[Stored data]

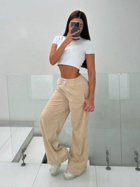 Este pantalón sudadera de corduroy en beige natural es la elección perfecta para un estilo relajado y funcional. Confeccionado en tejido acanalado de alta calidad, ofrece comodidad y durabilidad para uso diario. Su cintura elástica y ajuste cómodo lo hacen ideal para looks casuales, días frescos o paseos informales.
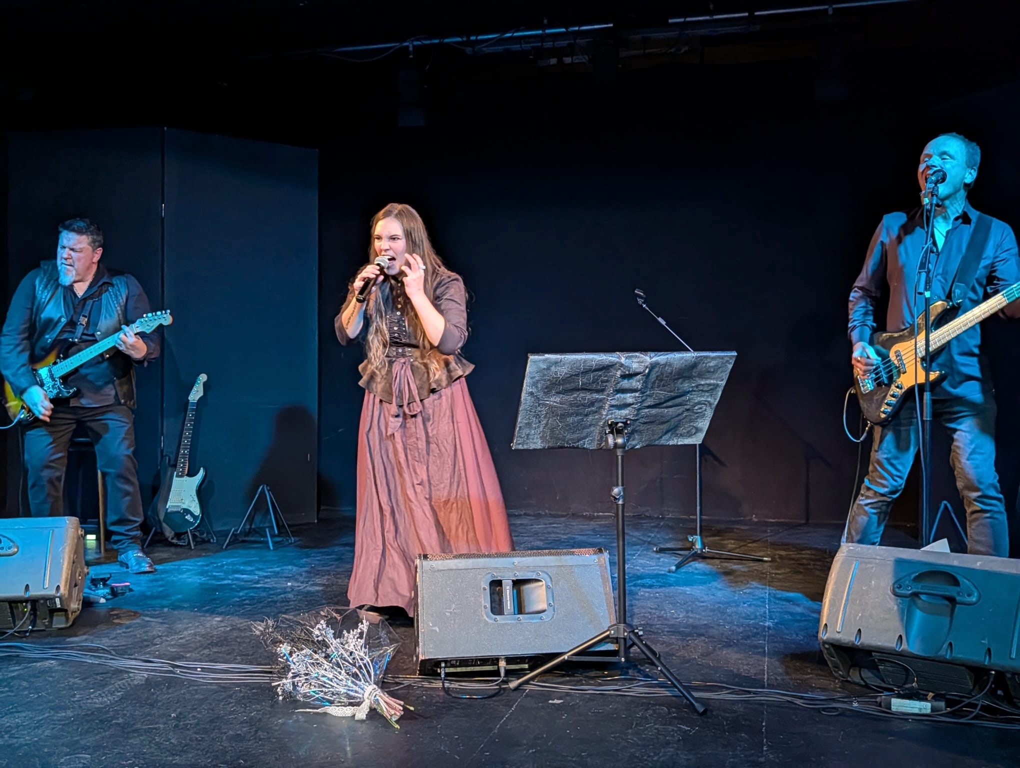 Auf dem dunkel gehaltenen Bild sieht man die drei Musiker der Band Schwarzes Edelweiss. Die Sängerin sowie die anderen beiden Musiker sind ganz in Schwarz gekleidet
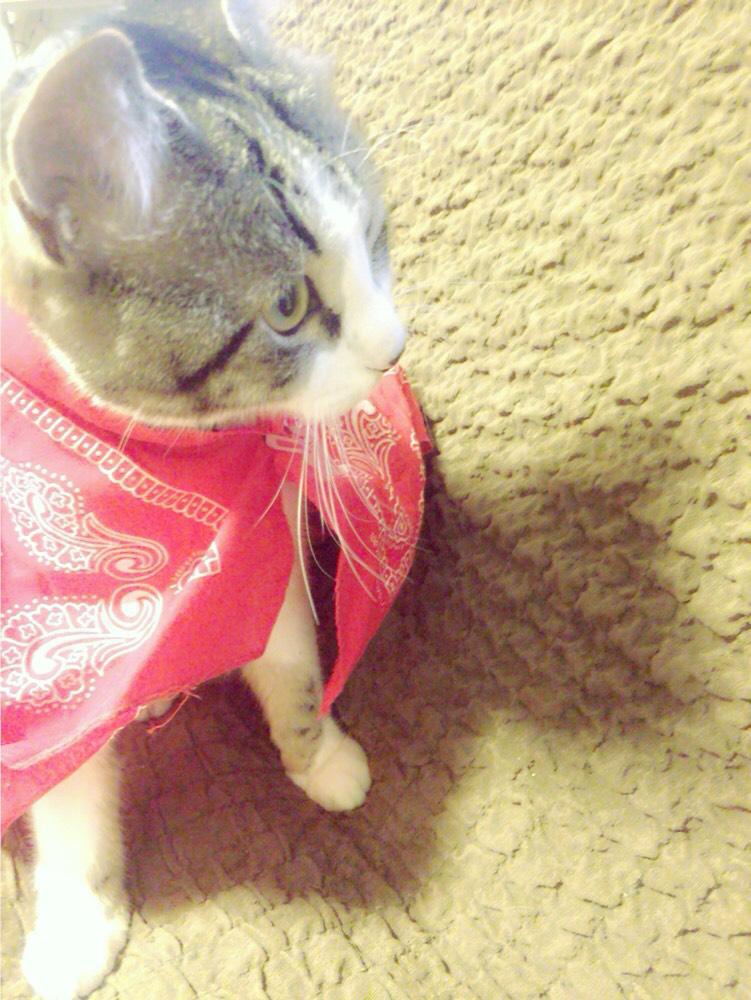 今回は私のペットを紹介します 名前は「ハル」です! H27年3月に生まれました! 今は1歳10か月です! 性格はとてもわんぱくで、ネコなのに私や父にベタベタくっついてきます! この写真は、ハルにバンダナをつけてヒーローごっこをした時の写真です^^ ぜひ、みなさんもネコを飼ってみてください!とても癒されます
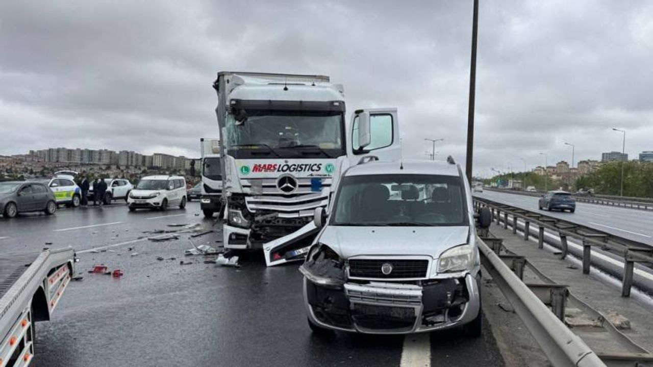 Avcılar'da TEM Otoyolu'nun Ankara istikametinde 2 tır, kamyon, hafif ticari araç ve otomobilin karıştığı zincirleme trafik kazası meydana geldi.
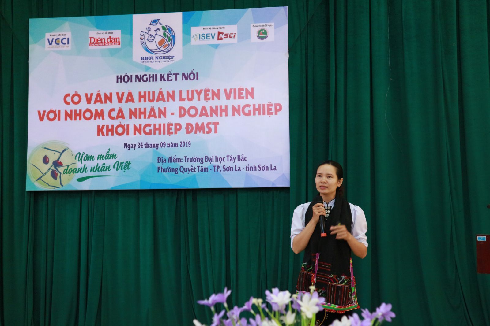 Cùng với đó, ThS. Đặng Thị Huyền Mi - Giám đốc Công ty Taidam Taste, giảng viên Khoa Kinh tế, Trường Đại học Tây Bắc đã trình bày tham luận: Sự cần thiết của mạng lưới cố vấn hoạt động khởi nghiệp của thanh niên tại tỉnh Sơn La. Bà Đặng Thị Huyền Mi khẳng định, mong muốn tỉnh Sơn La nói chung và Trường Đại học Tây Bắc nói riêng cần xây dựng một mạng lưới cố vấn khởi nghiệp để các bạn trẻ có cơ hội tiếp cận mạng lưới kinh doanh, học hỏi kiến thức, kinh nghiệm, tạo động lực và truyền cảm hứng, cải thiện năng lực ra quyết định dẫn tới thành công.
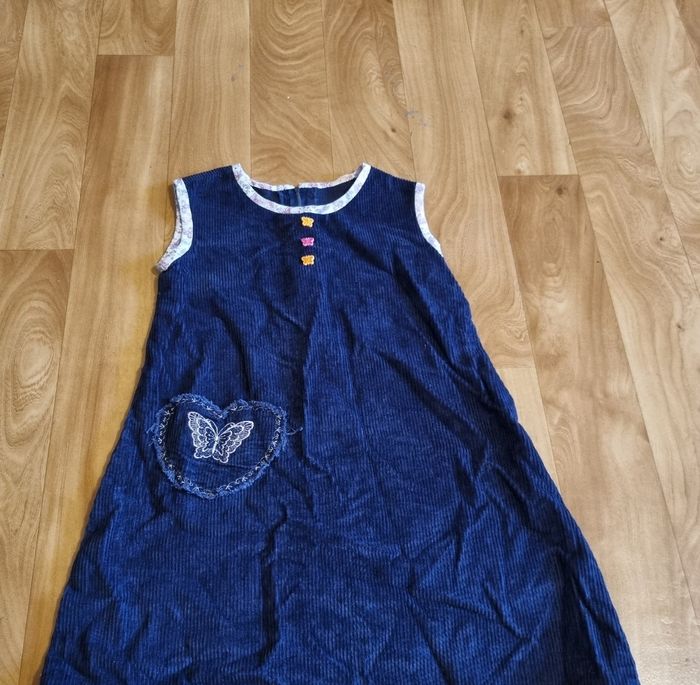 robe courte ( longueur genoux) en velours côtelé bleu poche à l'avant avec papillon brodé. taille 6 ans très bon etat #robefille #robebleu #robecourte #robevelours #taille6ans #fille6ans
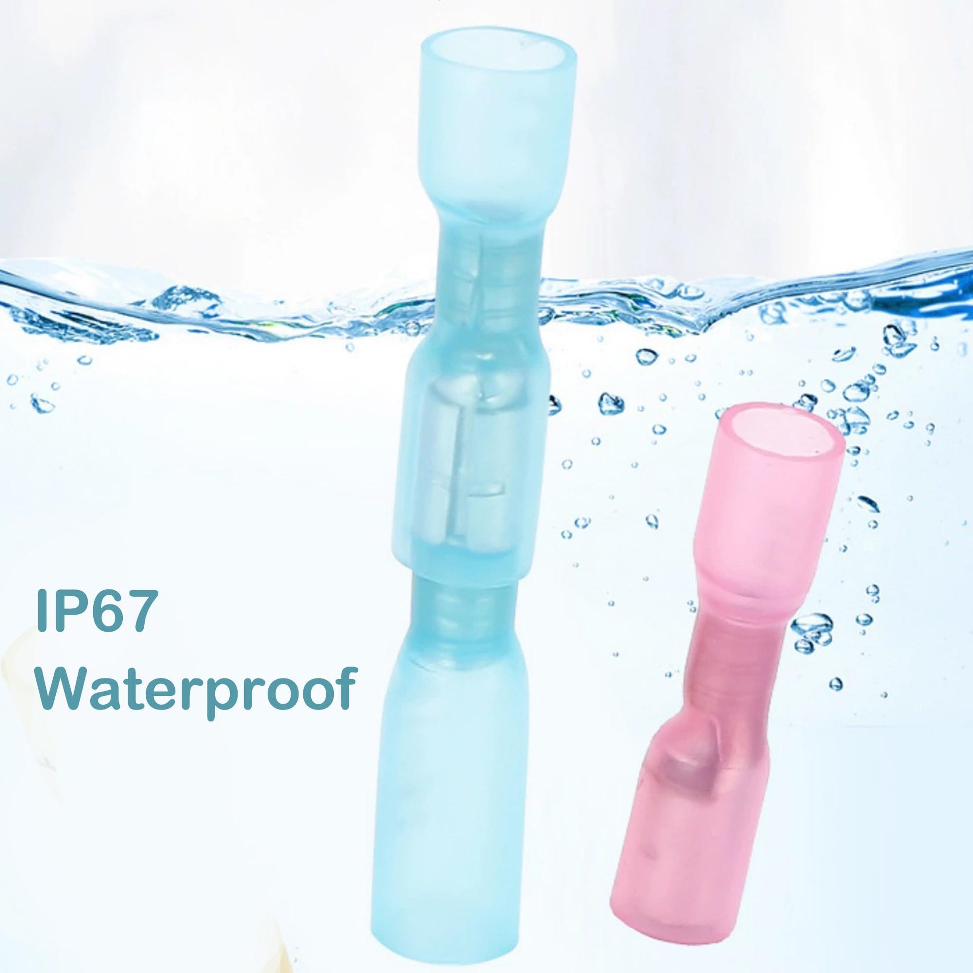- IP67 WATERPROOF ELECTRICAL CONNECTORS- Double protection, to keep moisture out of the crimp connection. The connecting part of the wire and the wire connectors can reach IP67 waterproof level.
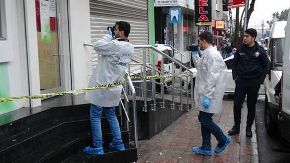 Olay yeri inceleme ekipleri, banka şubesinde inceleme yaptı.
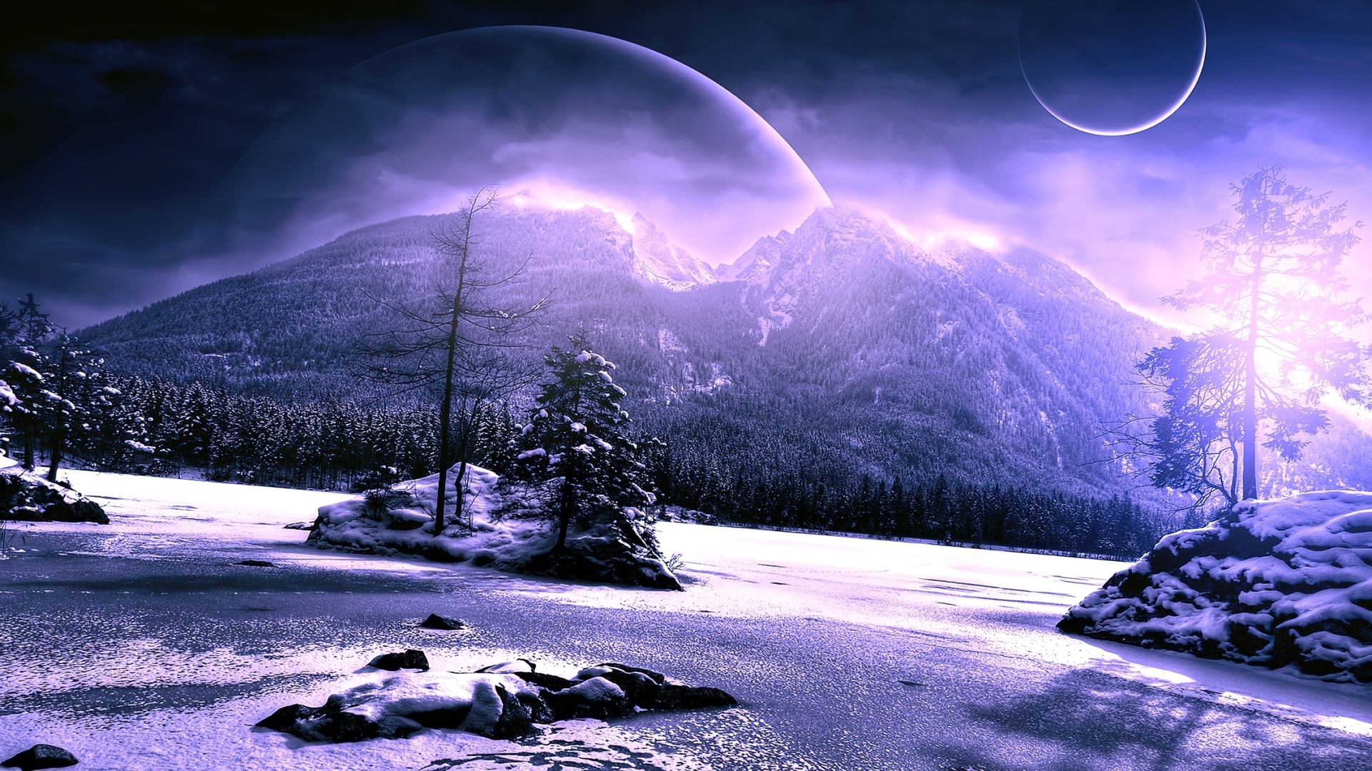 Edytor tapety: Fantasy, Zima, Góry, Planety, Las

▶ What you have to do
Pictures are to be left out. Write out only the lines above starting at the one with "Auf dem dunkel" and ending at the one with "Cùng với đó, ThS.", both lines included, exactly.

▶ Solution to this problem
 Auf dem dunkel gehaltenen Bild sieht man die drei Musiker der Band Schwarzes Edelweiss. Die Sängerin sowie die anderen beiden Musiker sind ganz in Schwarz gekleidet
 今回は私のペットを紹介します 名前は「ハル」です! H27年3月に生まれました! 今は1歳10か月です! 性格はとてもわんぱくで、ネコなのに私や父にベタベタくっついてきます! この写真は、ハルにバンダナをつけてヒーローごっこをした時の写真です^^ ぜひ、みなさんもネコを飼ってみてください!とても癒されます
 Avcılar'da TEM Otoyolu'nun Ankara istikametinde 2 tır, kamyon, hafif ticari araç ve otomobilin karıştığı zincirleme trafik kazası meydana geldi.
 Cùng với đó, ThS. Đặng Thị Huyền Mi - Giám đốc Công ty Taidam Taste, giảng viên Khoa Kinh tế, Trường Đại học Tây Bắc đã trình bày tham luận: Sự cần thiết của mạng lưới cố vấn hoạt động khởi nghiệp của thanh niên tại tỉnh Sơn La. Bà Đặng Thị Huyền Mi khẳng định, mong muốn tỉnh Sơn La nói chung và Trường Đại học Tây Bắc nói riêng cần xây dựng một mạng lưới cố vấn khởi nghiệp để các bạn trẻ có cơ hội tiếp cận mạng lưới kinh doanh, học hỏi kiến thức, kinh nghiệm, tạo động lực và truyền cảm hứng, cải thiện năng lực ra quyết định dẫn tới thành công.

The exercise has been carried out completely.